Work instruction: Write out every entry below exactly as it appears. Pictures do not belong in the copy.

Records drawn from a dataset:
- - - - - - -

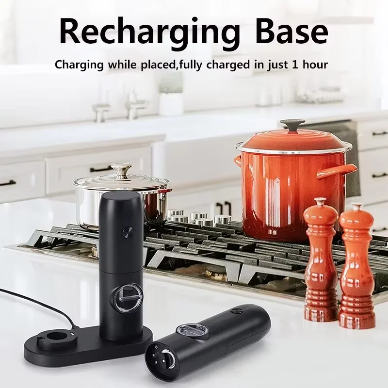 Invece di essere alimentato a batteria, questo set macina pepe automatico viene fornito con una stazione di ricarica.Ti fa risparmiare tempo nella sostituzione delle batterie e la stazione consente di organizzare e caricare contemporaneamente il tuo set di sale e pepe da 2 confezioni.E il rumore di funzionamento è inferiore a 60 dB, che rende la tua cucina un luogo ordinato e silenzioso.
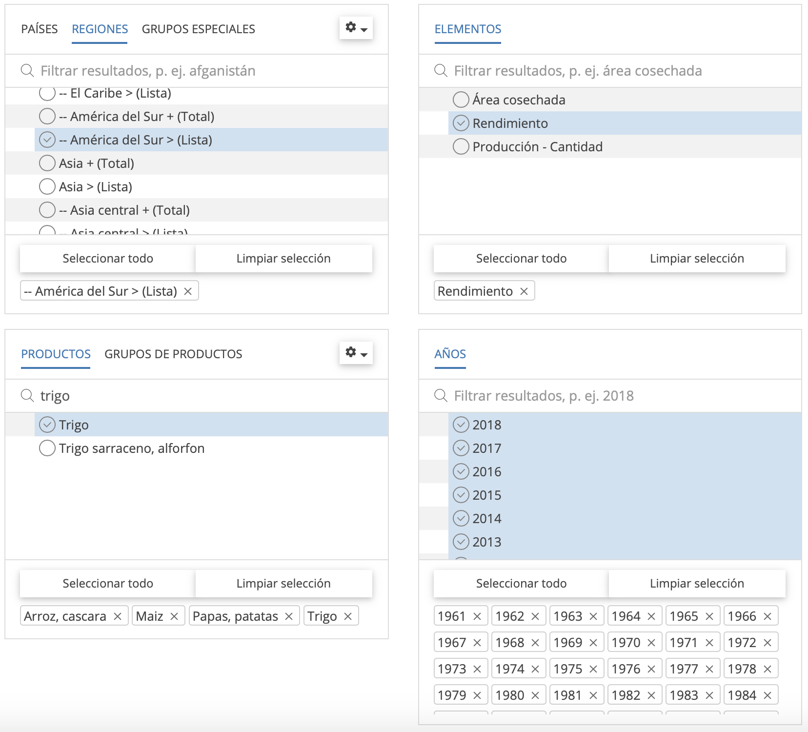elementospuede seleccionarÁrea cosechada(superficie cultivada),RendimientoyProducción. Para nuestro ejemplo elegimos rendimiento. - El siguiente paso es seleccionar los cultivos o
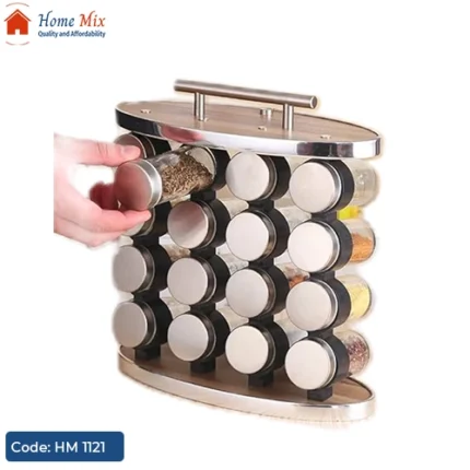 نظمي بهاراتك وتوابلك بأسلوب أنيق وعملي مع طقم التوابل الزجاجي بغطاء استانلس وحامل عصري يجمع بين الاستانلس والخشب. الطقم مكوّن من 16 قطعة كاملة ومزود بيد لسهولة الحمل والتنقل داخل مطبخك.
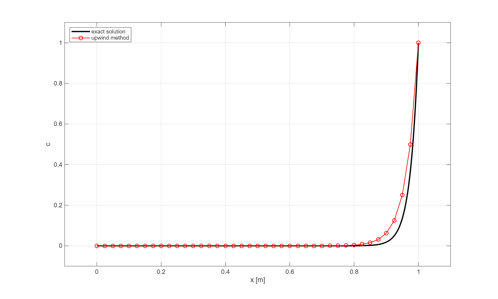 Fig. 1.11 Solution obtained with the first order upwind scheme and \(\Delta x = 0.1\) m so that \(\kappa_a = 0.05\) m\(^2\)/s.#
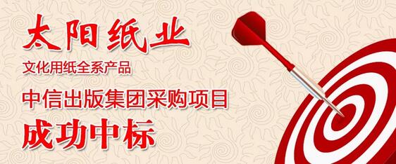 2018年11月13日,太陽紙業(yè)文化用紙銷售部再傳捷報,中信出版集團(tuán)股份有限公司公布了“2018-2019年度圖書印裝材料采購項目”中標(biāo)公告,太陽紙業(yè)旗下:金太陽美術(shù)純質(zhì)紙、金太陽書紙(玉白)、金太陽膠版紙、華夏太陽膠版紙、華夏太陽輕型紙1.8米白、華夏太陽銅版紙成功中標(biāo)。
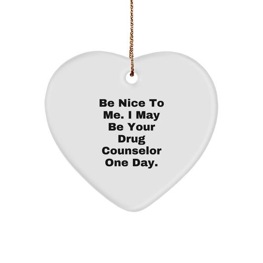 Funny Quote Drug Counselor Heart Ornament Gifts from Friends for Men and Women, 'Be Nice To Me'
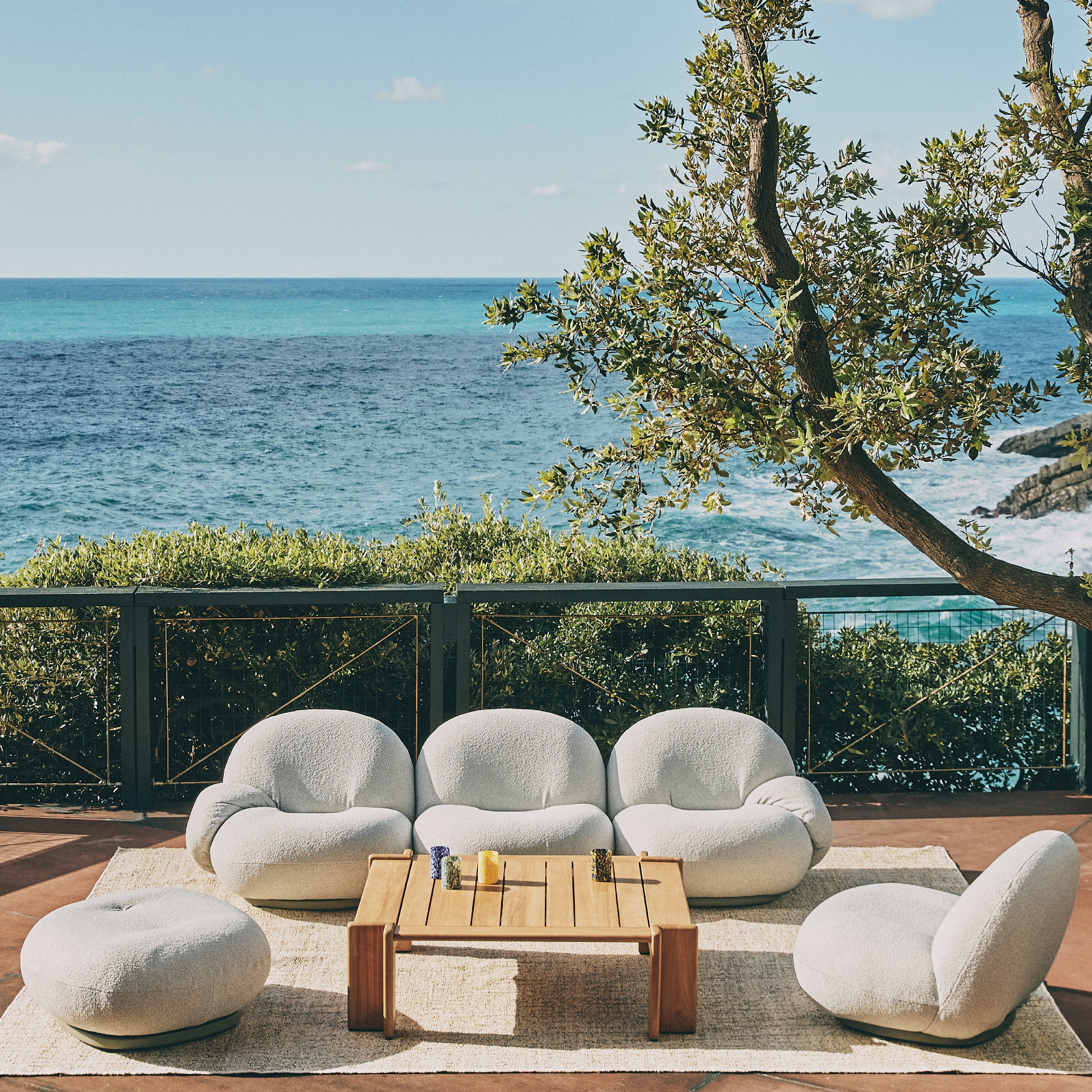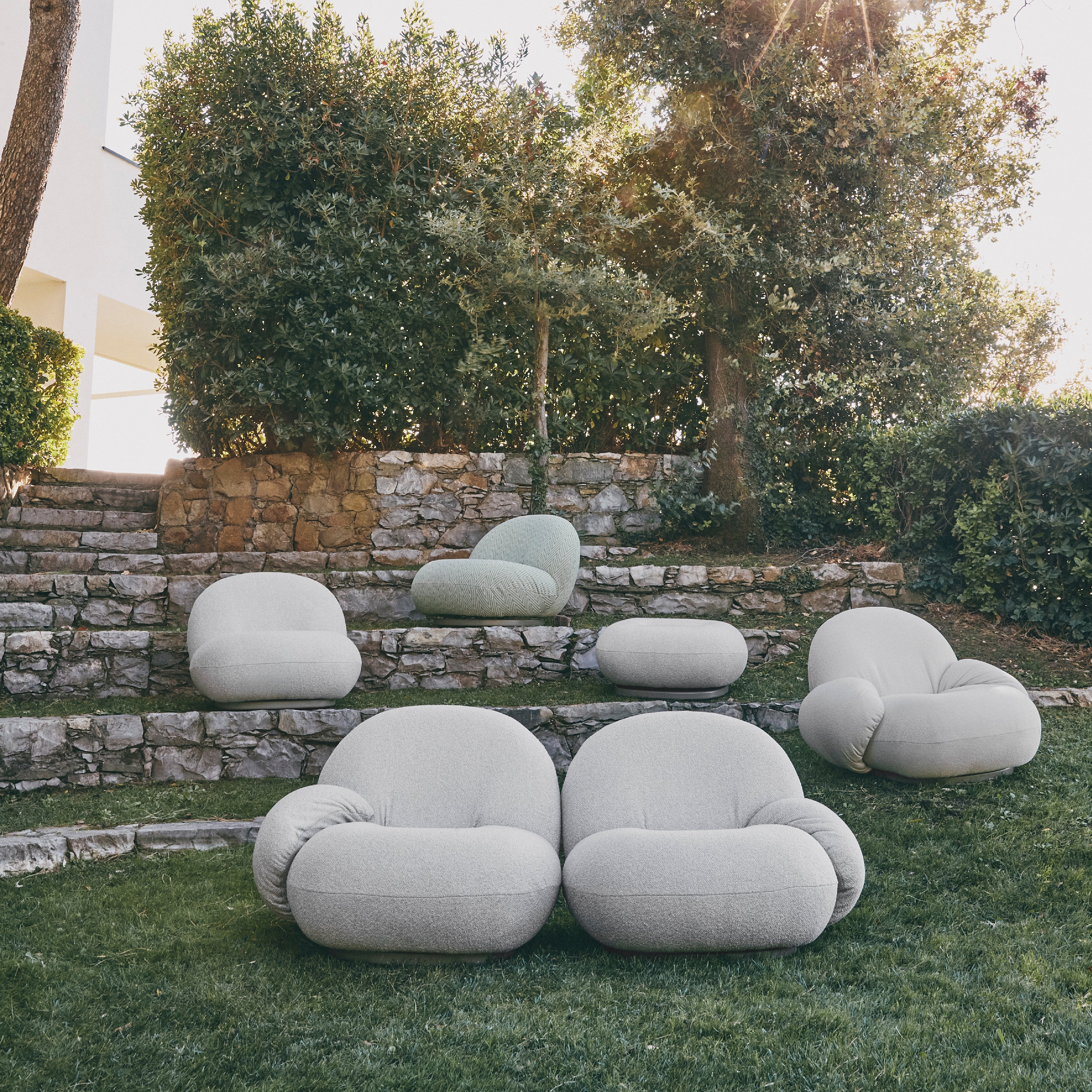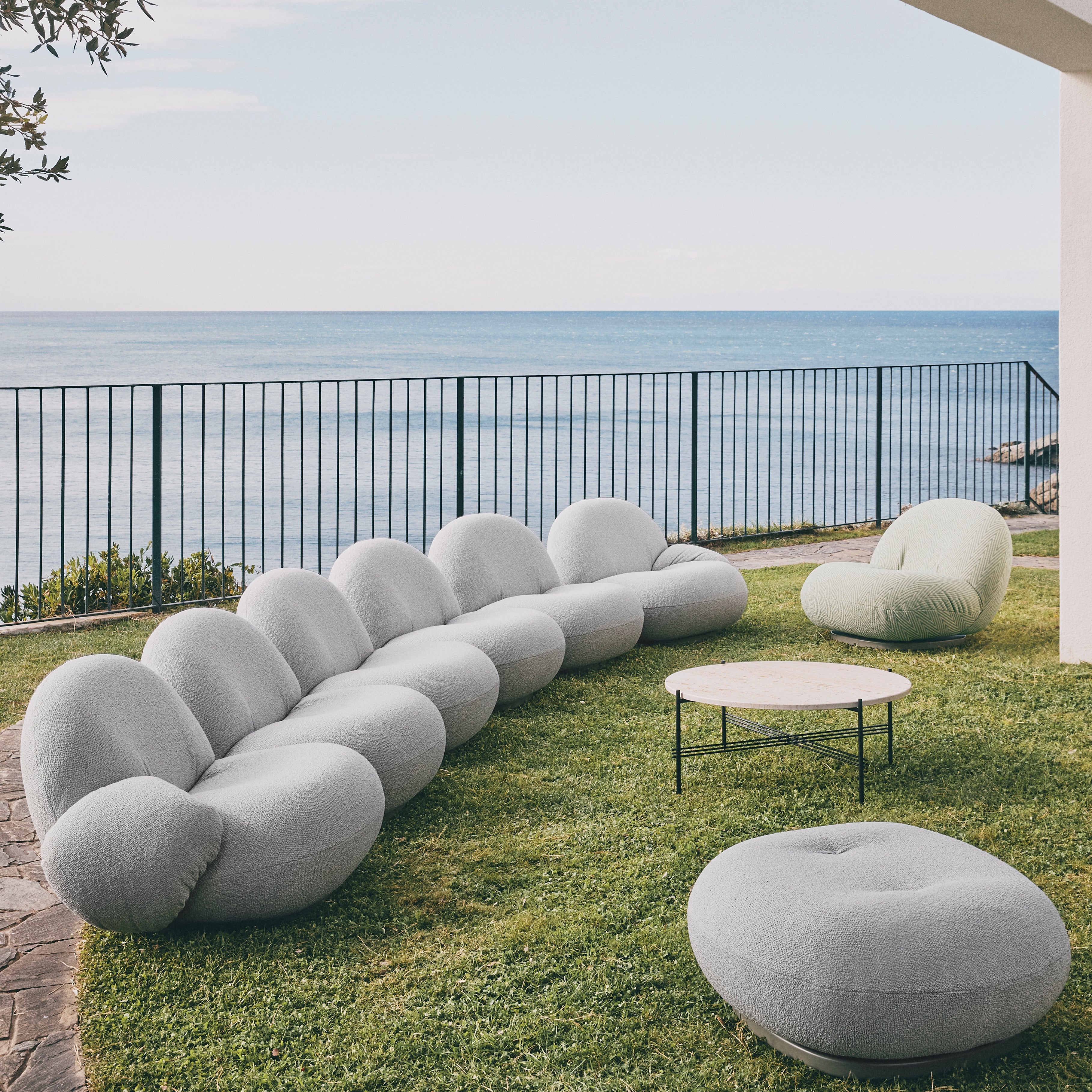 The Gubi Pacha Outdoor Sofa with Armrest and Ottoman blends sculptural elegance with modern durability. With its low-slung, cloud-like form, this outdoor version retains the original’s soft curves while incorporating weather-resistant materials. The sofa’s organic shape offers a relaxed seating experience, enhanced by integrated armrests for added support. The ottoman mirrors the contours of the sofa, functioning as a footrest or additional seat. Designed for the outdoors, it features a breathable, water-resistant membrane for quick drying, a moisture-resistant plywood base, and a removable rain cover for extra protection.

- - - - - - -

Answer:
 Invece di essere alimentato a batteria, questo set macina pepe automatico viene fornito con una stazione di ricarica.Ti fa risparmiare tempo nella sostituzione delle batterie e la stazione consente di organizzare e caricare contemporaneamente il tuo set di sale e pepe da 2 confezioni.E il rumore di funzionamento è inferiore a 60 dB, che rende la tua cucina un luogo ordinato e silenzioso.
elementospuede seleccionarÁrea cosechada(superficie cultivada),RendimientoyProducción. Para nuestro ejemplo elegimos rendimiento. - El siguiente paso es seleccionar los cultivos o
 نظمي بهاراتك وتوابلك بأسلوب أنيق وعملي مع طقم التوابل الزجاجي بغطاء استانلس وحامل عصري يجمع بين الاستانلس والخشب. الطقم مكوّن من 16 قطعة كاملة ومزود بيد لسهولة الحمل والتنقل داخل مطبخك.
 Fig. 1.11 Solution obtained with the first order upwind scheme and \(\Delta x = 0.1\) m so that \(\kappa_a = 0.05\) m\(^2\)/s.#
 2018年11月13日,太陽紙業(yè)文化用紙銷售部再傳捷報,中信出版集團(tuán)股份有限公司公布了“2018-2019年度圖書印裝材料采購項目”中標(biāo)公告,太陽紙業(yè)旗下:金太陽美術(shù)純質(zhì)紙、金太陽書紙(玉白)、金太陽膠版紙、華夏太陽膠版紙、華夏太陽輕型紙1.8米白、華夏太陽銅版紙成功中標(biāo)。
 Funny Quote Drug Counselor Heart Ornament Gifts from Friends for Men and Women, 'Be Nice To Me'
 The Gubi Pacha Outdoor Sofa with Armrest and Ottoman blends sculptural elegance with modern durability. With its low-slung, cloud-like form, this outdoor version retains the original’s soft curves while incorporating weather-resistant materials. The sofa’s organic shape offers a relaxed seating experience, enhanced by integrated armrests for added support. The ottoman mirrors the contours of the sofa, functioning as a footrest or additional seat. Designed for the outdoors, it features a breathable, water-resistant membrane for quick drying, a moisture-resistant plywood base, and a removable rain cover for extra protection.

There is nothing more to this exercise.